Action item: Could you retype every line below exactly, omitting the images?

─── Recorded data ───

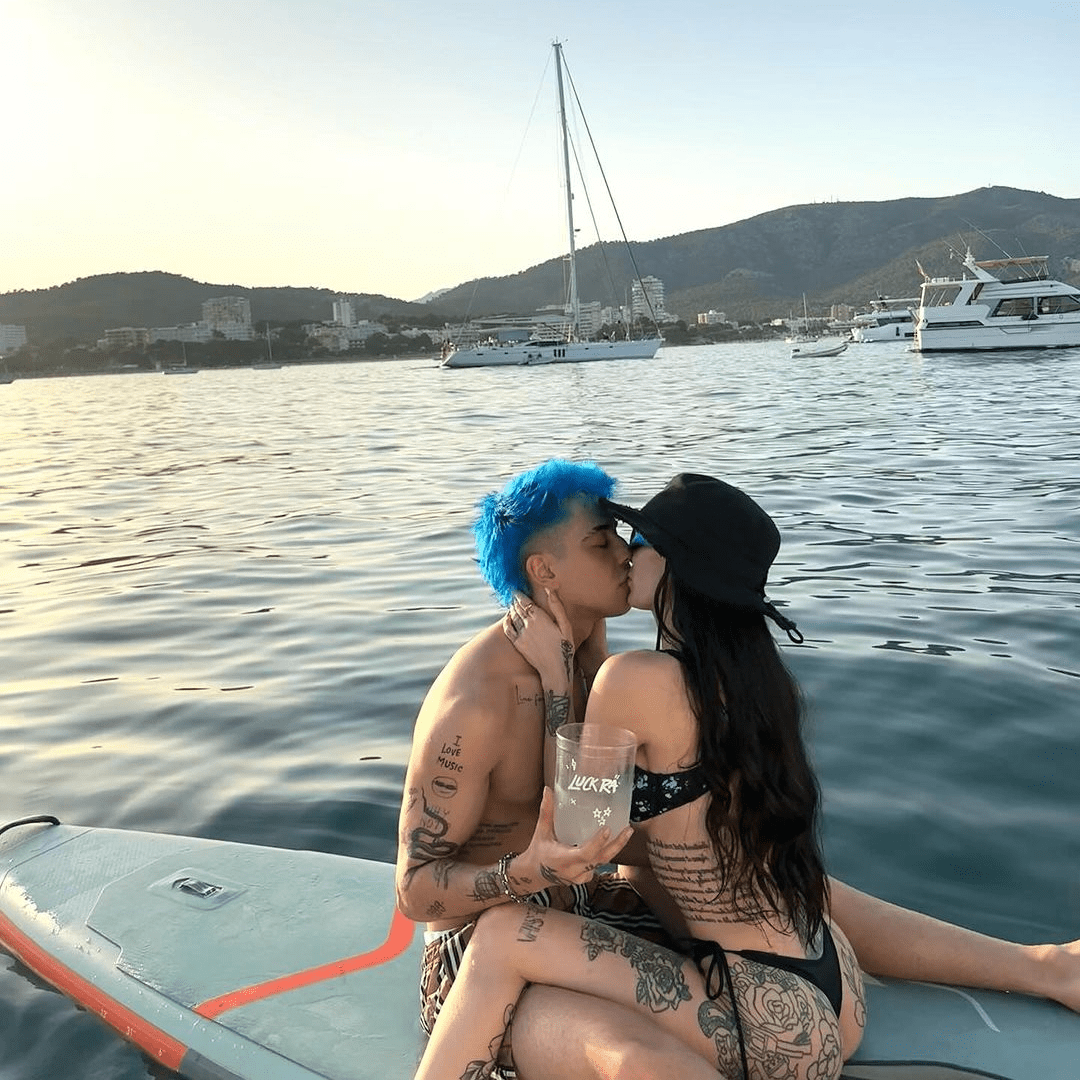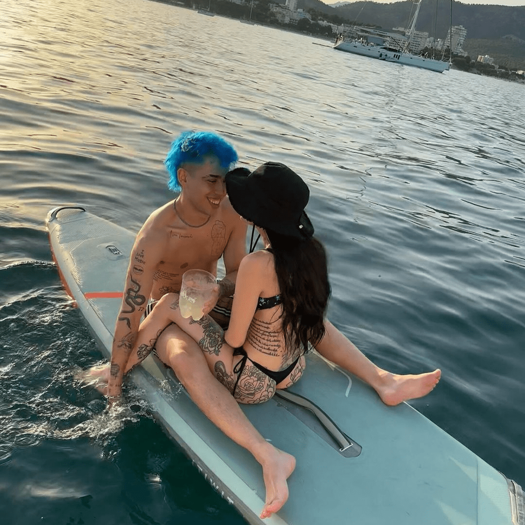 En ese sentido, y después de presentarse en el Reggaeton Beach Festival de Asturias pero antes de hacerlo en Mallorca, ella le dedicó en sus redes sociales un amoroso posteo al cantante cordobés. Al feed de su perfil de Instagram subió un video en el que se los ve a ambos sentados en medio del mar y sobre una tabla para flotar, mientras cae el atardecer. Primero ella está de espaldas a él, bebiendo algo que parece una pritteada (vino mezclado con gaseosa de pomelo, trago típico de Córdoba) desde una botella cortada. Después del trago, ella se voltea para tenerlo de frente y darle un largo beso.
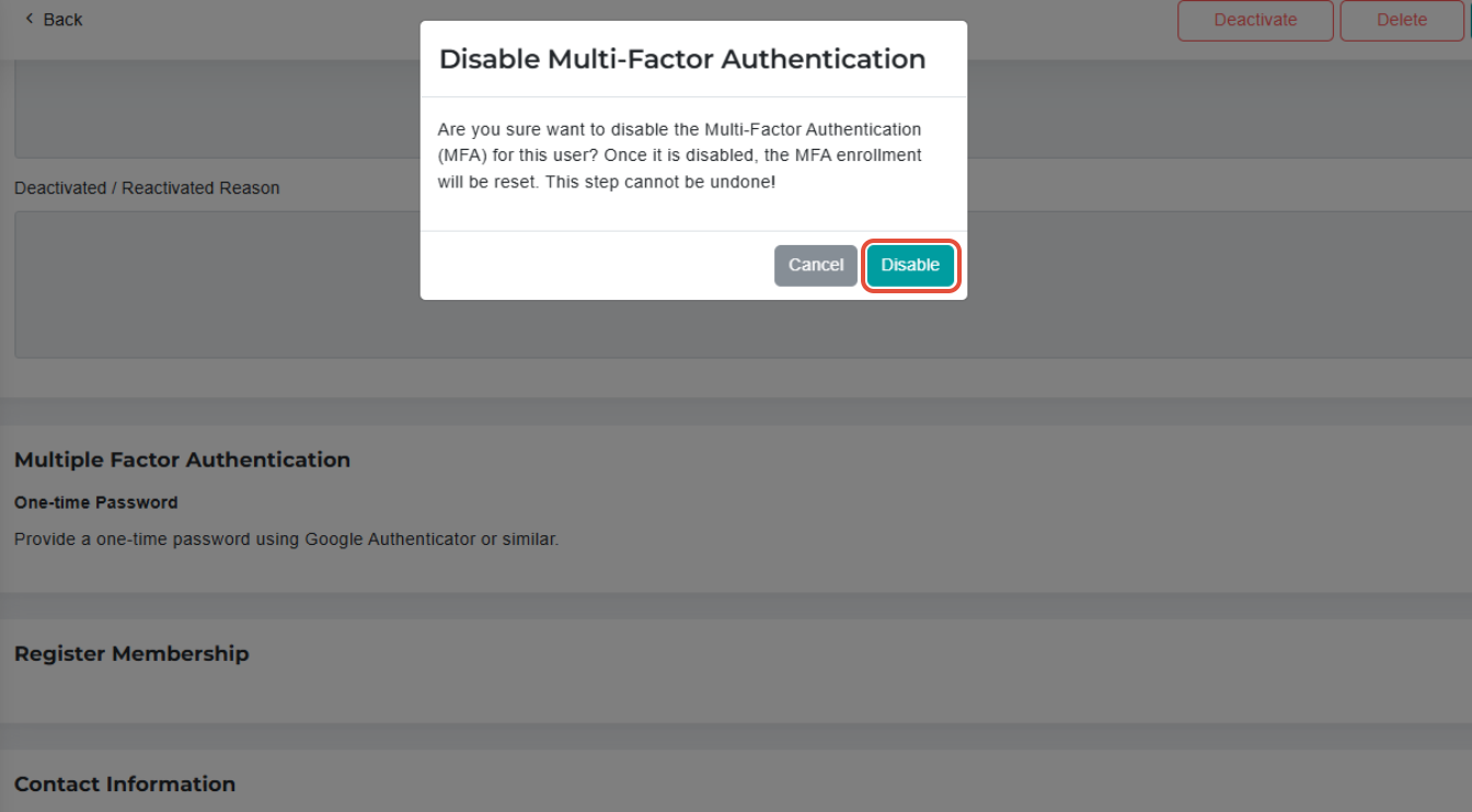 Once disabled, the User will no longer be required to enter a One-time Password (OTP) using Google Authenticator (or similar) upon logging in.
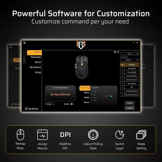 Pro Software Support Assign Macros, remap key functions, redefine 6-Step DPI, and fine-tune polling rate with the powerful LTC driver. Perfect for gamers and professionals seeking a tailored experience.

───

Your solution:
 En ese sentido, y después de presentarse en el Reggaeton Beach Festival de Asturias pero antes de hacerlo en Mallorca, ella le dedicó en sus redes sociales un amoroso posteo al cantante cordobés. Al feed de su perfil de Instagram subió un video en el que se los ve a ambos sentados en medio del mar y sobre una tabla para flotar, mientras cae el atardecer. Primero ella está de espaldas a él, bebiendo algo que parece una pritteada (vino mezclado con gaseosa de pomelo, trago típico de Córdoba) desde una botella cortada. Después del trago, ella se voltea para tenerlo de frente y darle un largo beso.
 Once disabled, the User will no longer be required to enter a One-time Password (OTP) using Google Authenticator (or similar) upon logging in.
 Pro Software Support Assign Macros, remap key functions, redefine 6-Step DPI, and fine-tune polling rate with the powerful LTC driver. Perfect for gamers and professionals seeking a tailored experience.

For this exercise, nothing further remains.